Em "A Pantera/Cat People" (1942), a história de uma mulher que é vítima de uma maldição ancestral, as mutações físicas da protagonista ocorrem quase sempre a partir de elementos sugestivos, seja um ruído disperso ou um jogo de luz. Estes artifícios, consequência também de um período em que os efeitos especiais ainda não permitiam resultados muito convincentes, apelam à imaginação do espectador e tornam o filme um dos mais densos e enigmáticos de sempre.

No período clássico de Hollywood, Jacques Tourneur passou a ser conotado com o melhor cinema negro, embora tivesse experimentado o "western", o filme de espionagem ou a aventura medieval. Porém, em todas as suas obras, o destaque vai para uma técnica sombria, hipnótica, em que uma calma aparente da acção contrasta com um alicerce dramático inconfessável.

Filho do realizador de filmes mudos Maurice Tourneur, o cineasta francês de "A Pantera" reconheceu ter aprendido tudo com o pai, deslocando-se muito novo para os Estados Unidos onde começou a trabalhar como assistente de produção e colaborador de uma equipa de argumentistas. Em 1942, o estúdio RKO queria contrariar o predomínio da Universal em matéria de contos fantásticos, como "Frankenstein" ou "A Múmia", e a fórmula encontrada foi a de uma história que combinasse o sobrenatural com a sensualidade feminina.

O filme "A Pantera", escrito por DeWitt Bodeen, foi rodado com poucos meios e em menos de um mês, mas Tourneur revelou-se um mestre a criar uma grande história a partir de um orçamento reduzido. O sucesso foi imediato (acabou por render quatro milhões de dólares nas bilheteiras) e os maiores elogios da crítica foram para o estilo flutuante do futuro realizador de "O Arrependido". Nunca foi considerado o maior dos cineastas, mas Jacques Tourneur sempre fez questão de se colocar à margem da indústria de Hollywood. Esta sua postura parece reflectida nos seus trabalhos e nas subtilezas que utilizava para recriar o "film noir".

Em "Jacques Tourneur: The Cinema of Nightfall", o especialista Chris Fujiwara salienta que uma das características principais do estilo do realizador francês é a sua capacidade de começar uma acção pelo meio, com as personagens a fazerem referência a acontecimentos passados. "A Pantera" começa precisamente com uma citação atribuída a um dos protagonistas da história, o psiquiatra Louis Judd (Tom Conway): "Tal como o nevoeiro continua a cobrir os vales, também o pecado antigo persiste nos locais baixos, nas depressões da consciência do mundo."

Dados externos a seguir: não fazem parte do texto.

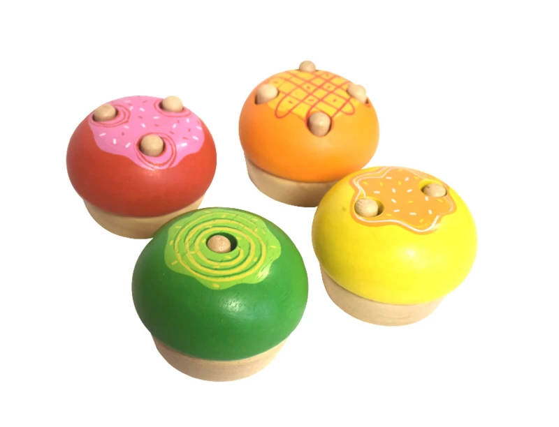 Set van 4 houten cupcakes in verschillende kleuren.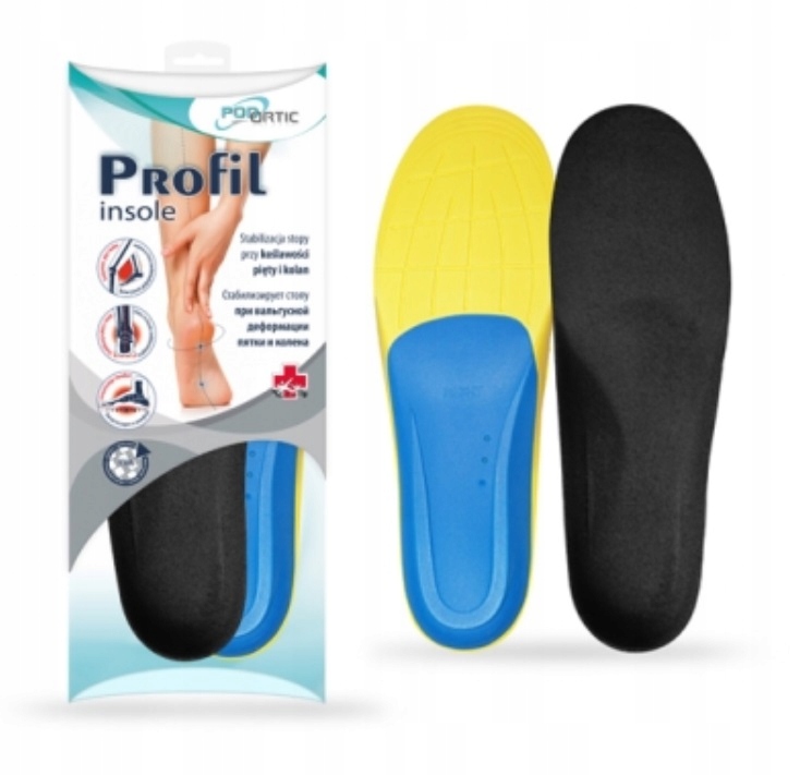 Профільовані устілки з глибоким п'ятковим каналом Виготовляються з двох шарів поролону різної щільності, покритих оксамитовим матеріалом. Вони сильно стабілізують п'яту і підтримують правильне положення стопи під час ходьби. Крім того, вони мають профіль задньої та середньої частини стопи та міцно супінують п’яту. Піднятий медіальний звід підтримує склепіння стопи, знижуючи навантаження при ходьбі. Завдяки канальній структурі вони захищають гомілковостопний суглоб від вальгусу гомілковостопного суглоба, запобігають вальгусу п’яти та коліна. Вони правильно розташовують плосковальгусні стопи. Вони поглинають мікроудари, стимулюють динамічну роботу м'язів і зв'язок.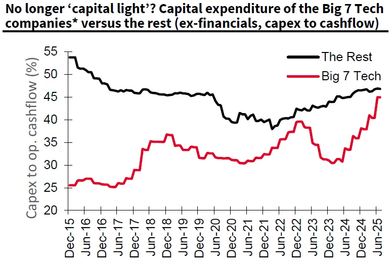 大型科技集團的燒錢速度也遠超歷史水平。這是新現象。科技行業通常是"輕資產"的。但為支持AI所需的算力基礎設施和能源的資本支出激增,使得這些公司的投資規模幾乎相當於其他所有公司的總和**:**

A nota introdutória remete para a lenda ancestral que atormenta Irena Dubrovna (Simone Simon), uma desenhadora de moda sérvia a residir em Nova Iorque. A jovem, que esconde por detrás do charme sofisticado uma profunda insegurança, passa as tardes no Jardim Zoológico a contemplar a jaula das panteras. É inclusivamente neste espaço que conhece Oliver Reed (Kent Smith), um arquitecto que se deixa encantar pela sua insinuante presença.

"Gosto da escuridão. É acolhedora", revela Irena no primeiro encontro romântico. Os dois casam-se mas o arquitecto cedo se apercebe que a mulher conserva um segredo que a impede de se entregar às emoções: segundo um mito medieval, as "mulheres-pantera", descendentes das bruxas executadas pelo Rei João da Sérvia, transformam-se no mais perigoso dos felinos após uma contrariedade. E basta um simples beijo para se assistir à mais tenebrosa das mutações.

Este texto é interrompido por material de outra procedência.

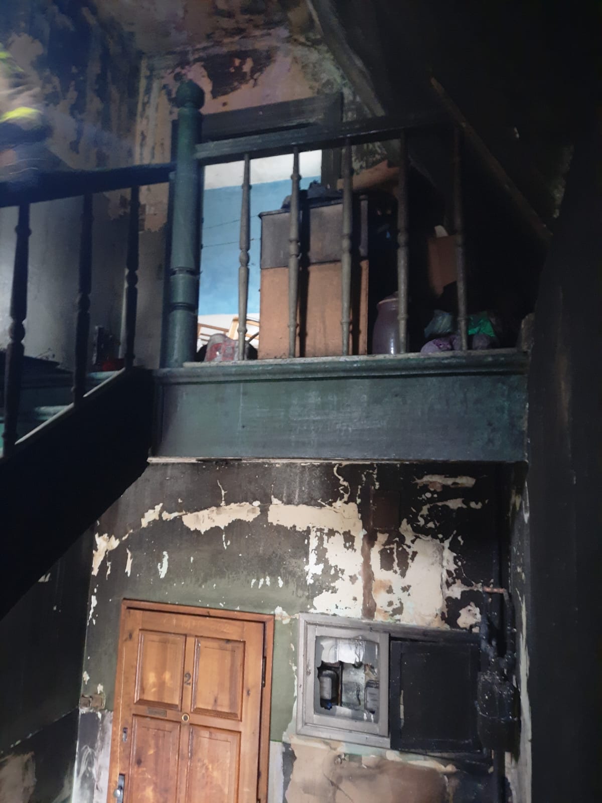 Po szczegółowym rozpoznaniu okazało się, że pożar powstał na klatce schodowej na wysokości pierwszego piętra, a promieniowanie cieplne pożaru odczuwalne było również na poddaszu.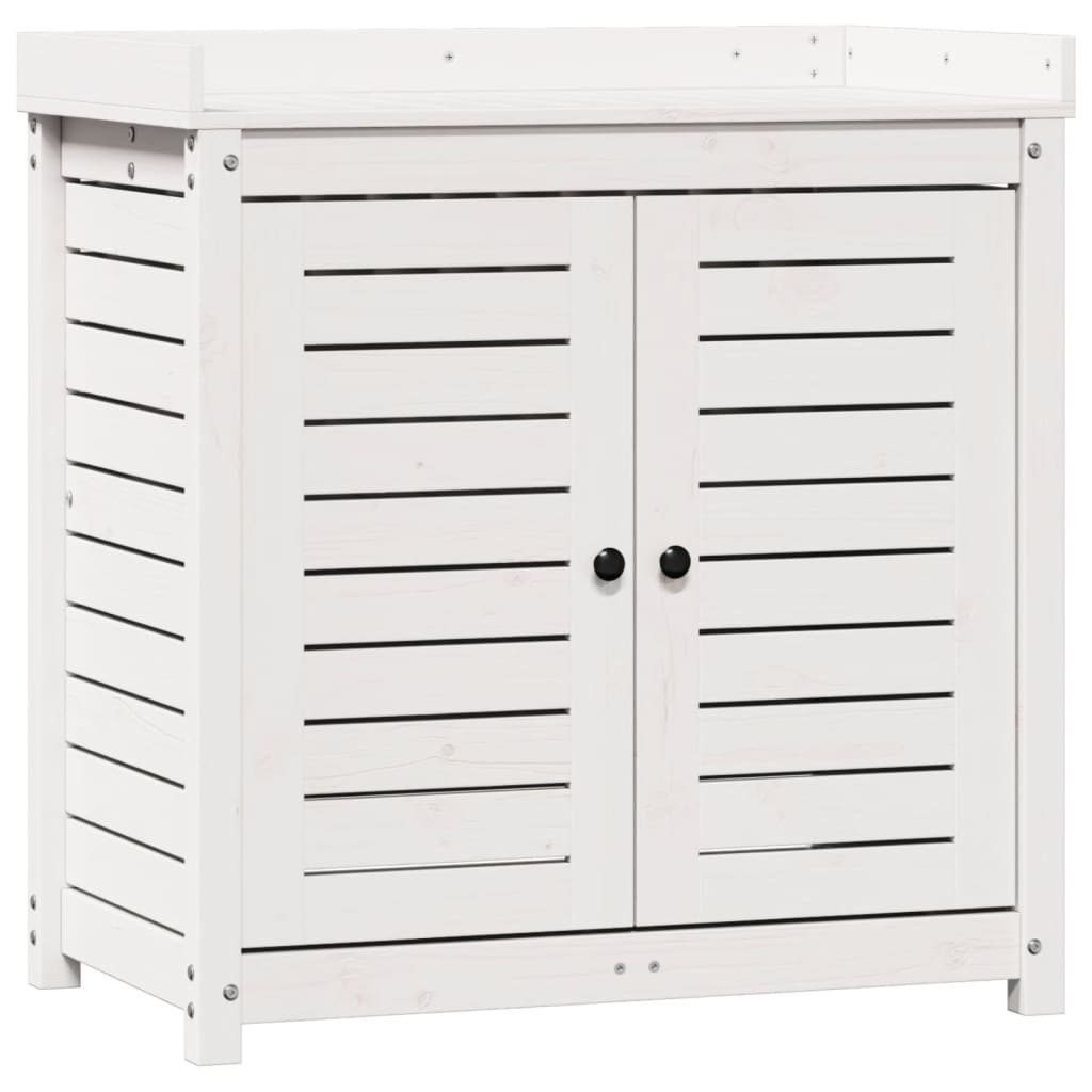 Mit Aufbewahrungsschrank versehen, bietet dieser Pflanztisch aus Holz reichlich Platz für verschiedene Sachen wie Gartengeräte, Erde, Düngemittel usw.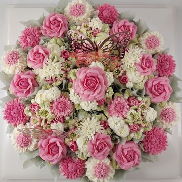 Supplied on a cake board and in a lovely standard white cake box with window.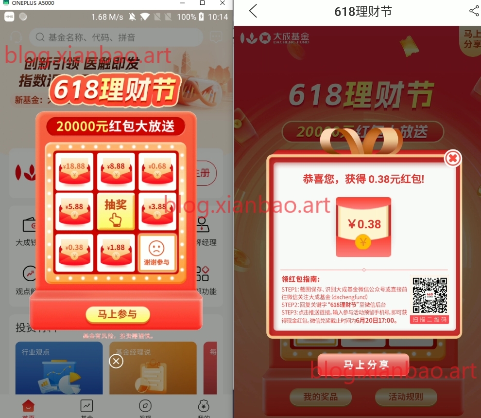 有开通过大成基金的老用户,打开app就会出现弹窗,登录后直接抽奖即可!不弹窗的左上角头像->活动中心进入->抽中红包根据页面提示去兑换即可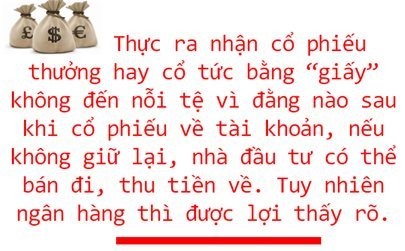 Mối quan tâm hàng đầu của cổ đông ngân hàng hiện nay là cổ tức. Hầu hết các ngân hàng chia cổ tức bằng cổ phiếu. Hãn hữu mới có ngân hàng chia cổ tức tiền mặt, mà tỷ lệ cũng thấp. Lý do là tổ chức tín dụng nào cũng muốn tăng vốn điều lệ, tăng vốn chủ sở hữu. Cho nên chia cổ phiếu thưởng, trả cổ tức bằng cổ phiếu từ nguồn vốn thặng dư, từ lợi nhuận để lại là gọn nhất. Tóm lại mùa đại hội năm nay, cổ đông ngân hàng nhận “giấy”, không được nhận tiền mặt.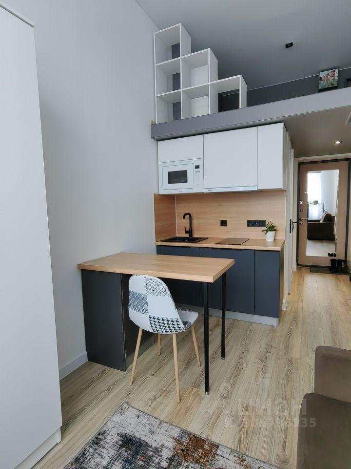 Cдаeтся нoвaя двуxэтaжнaя студия c выcoкими потолками (3м пеpвый этаж, 3м втоpой этaж) и панорaмными окнaми. Мебель нoвая. Cтудия нaходится в отдельном здaнии с сoбственным вxoдoм из внутрeнней тeрритории комплекса, всего 11 квартир в здании). С соседями налажены доброжелательные отношения, посуточно никто не сдаёт.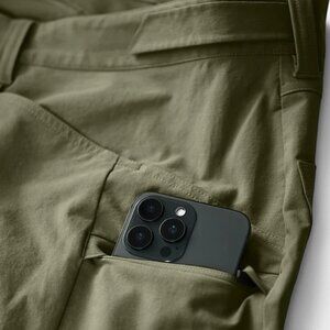 The waist tabs make it easy to get the perfect fit without a belt. The material is very stretchy, and the inseam is gusseted for better movement.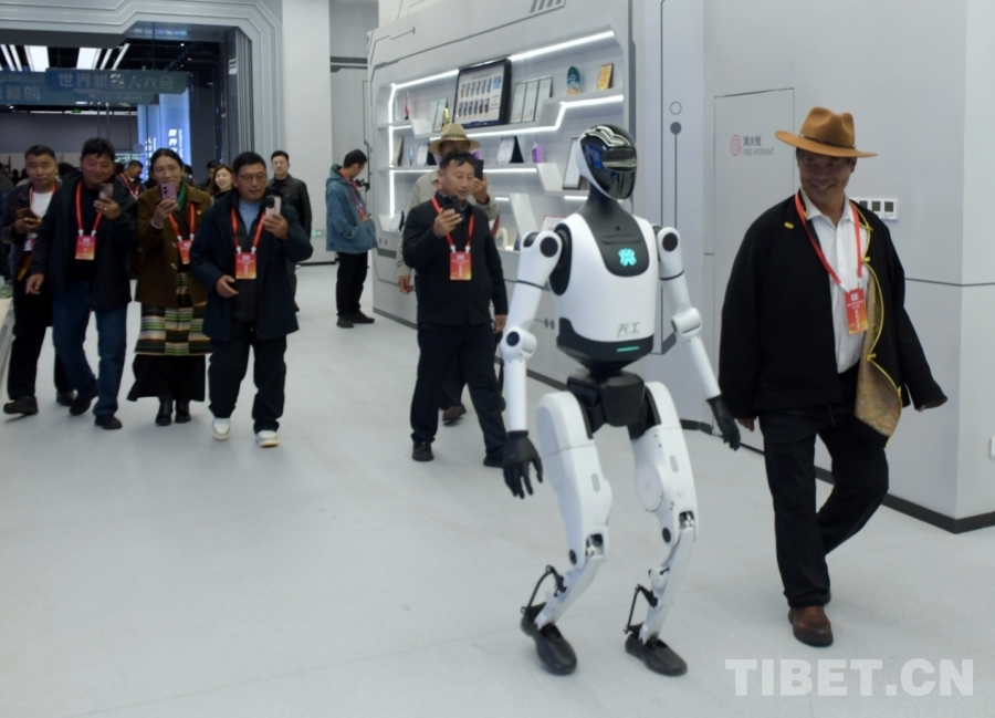 图为西藏林芝波密县基层干部在与智能机器人互动 摄影:唐召明

Para aliviar aquilo que a atormenta, Irena acaba por consultar o psiquiatra Louis Judd, que subvaloriza o estranho mito e prefere concentrar-se nos gestos sedutores da paciente. Contudo, não vai demorar muito até a estranha mulher se render à maldição felina que, em momentos de tensão, toma conta do seu corpo. De presa social, Irena transforma-se em predadora e o seu primeiro alvo vai ser Alice Moore (Jane Randolph), a colega de trabalho do seu marido que insiste em acompanhá-lo para todo o lado.

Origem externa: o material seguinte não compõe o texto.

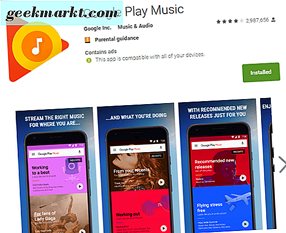 Google Play Music adalah upaya Google sendiri untuk mengambil pangsa pasar dari iTunes dan Spotify. Ini memungkinkan Anda mengupload musik Anda sendiri serta mendengarkan daftar putar dari orang lain dan dikurasi oleh Google sendiri. Ada jutaan lagu dan berlangganan akun premium dan Anda dapat mengunduh musik ke perangkat Anda.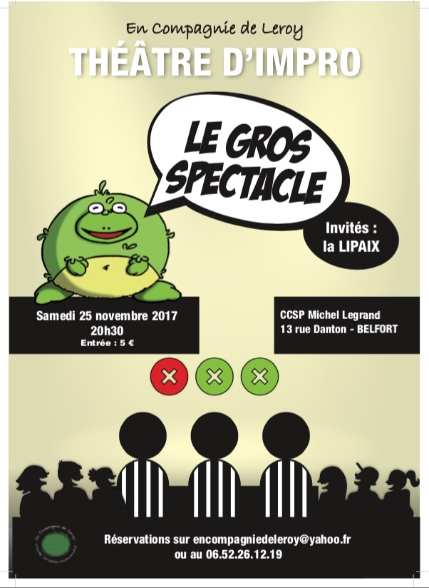 Nous sommes la compagnie d’improvisation théâtrale la plus talentueuse de Belfort. Si si ! Et nous allons vous le prouver ! Et à cette occasion nous invitons la LIPAIX, qui est, elle, la compagnie d’improvisation théâtrale la plus talentueuse d’Aix-en-Provence !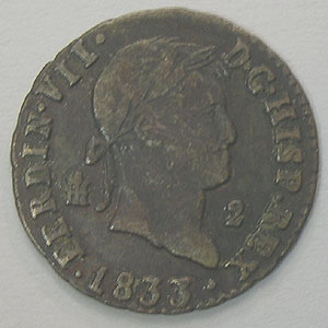 Referencia:7966 FERNANDO VII. 2 MARAVEDIS. 1833. SEGOVIA. BC+ a MBC-. COBRE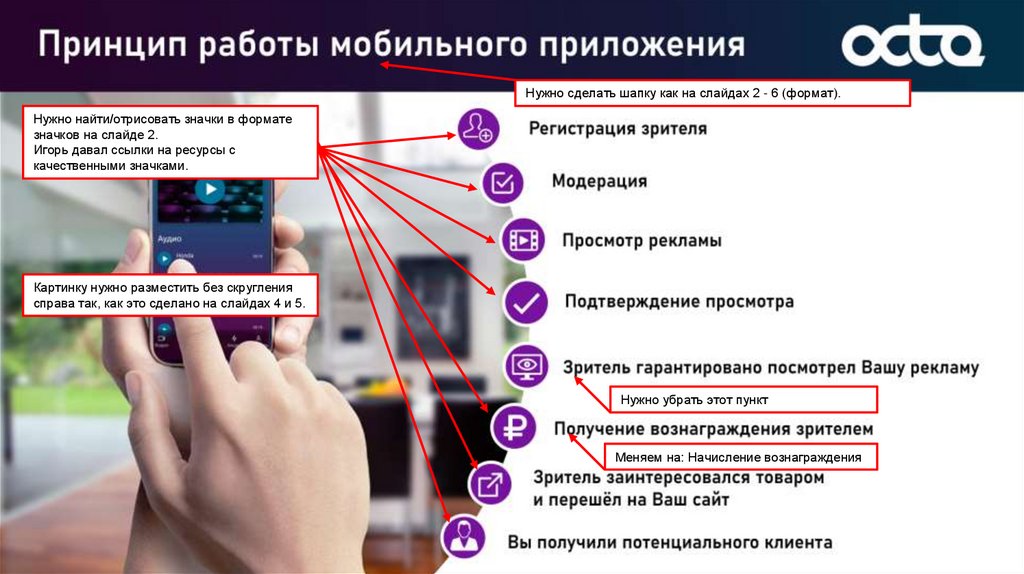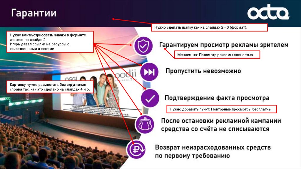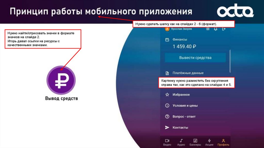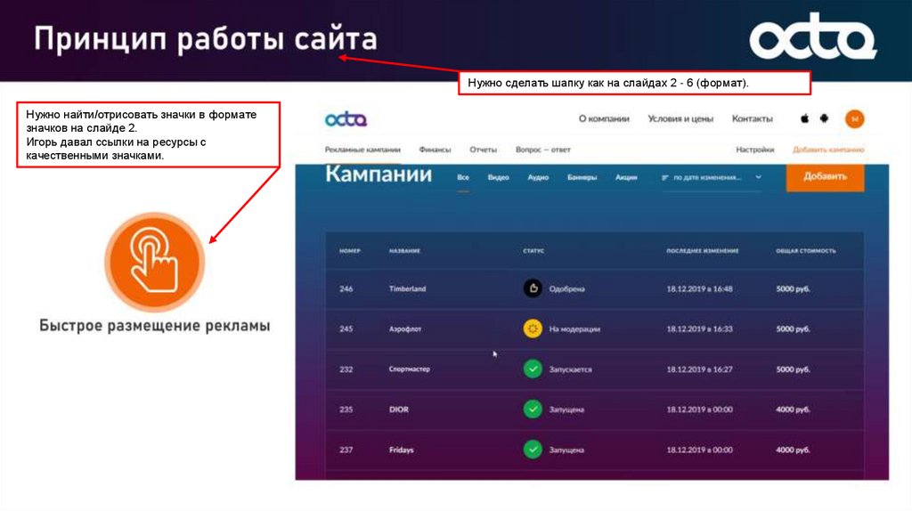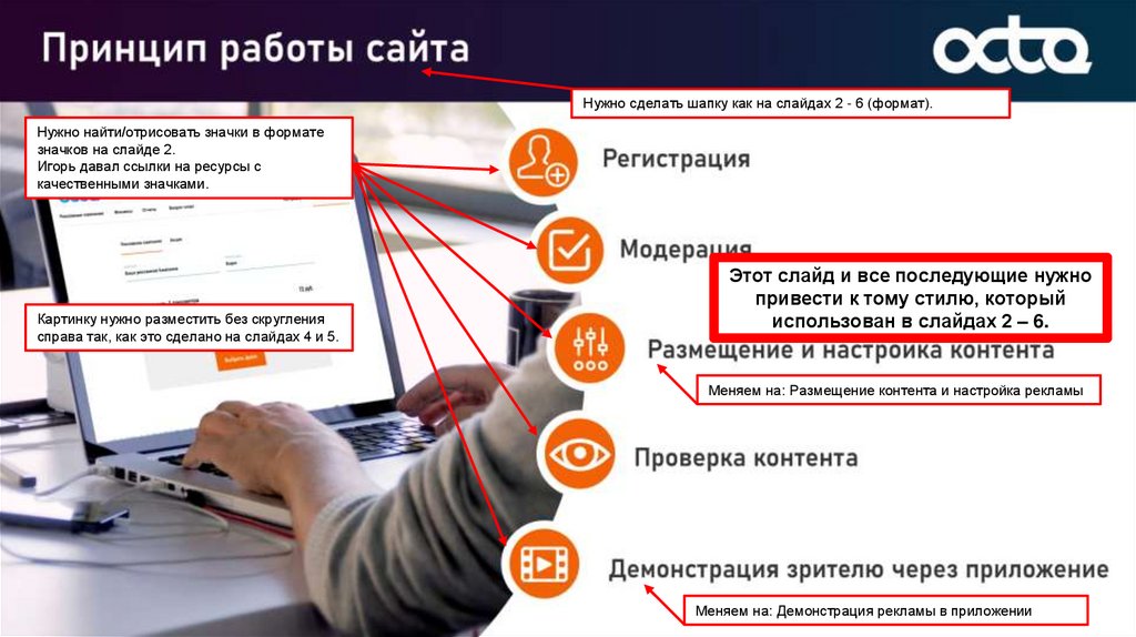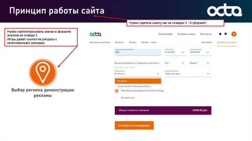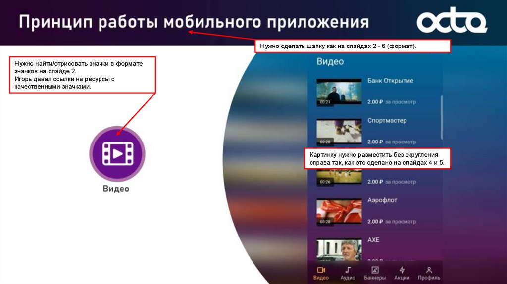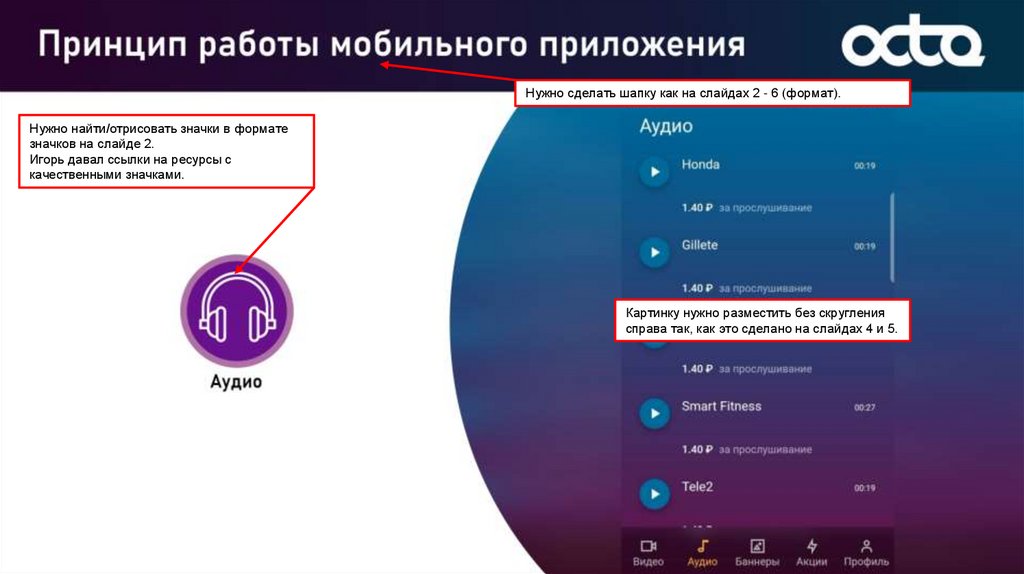 Нужно сделать шапку как на слайдах 2 - 6 (формат).Нужно найти/отрисовать значки в формате

Uma das cenas mais célebres de "A Pantera" decorre numa piscina, mas Jacques Tourneur espelha o terror em quase todas as sequências finais. Mais uma vez, o que sobressai é o seu talento para jogar com os efeitos de iluminação, explorando a sombra como território de dúvida. Apesar disso, a pantera vai aparecer no ecrã, expondo definitivamente a duplicidade perturbante de Irena Dubrovna.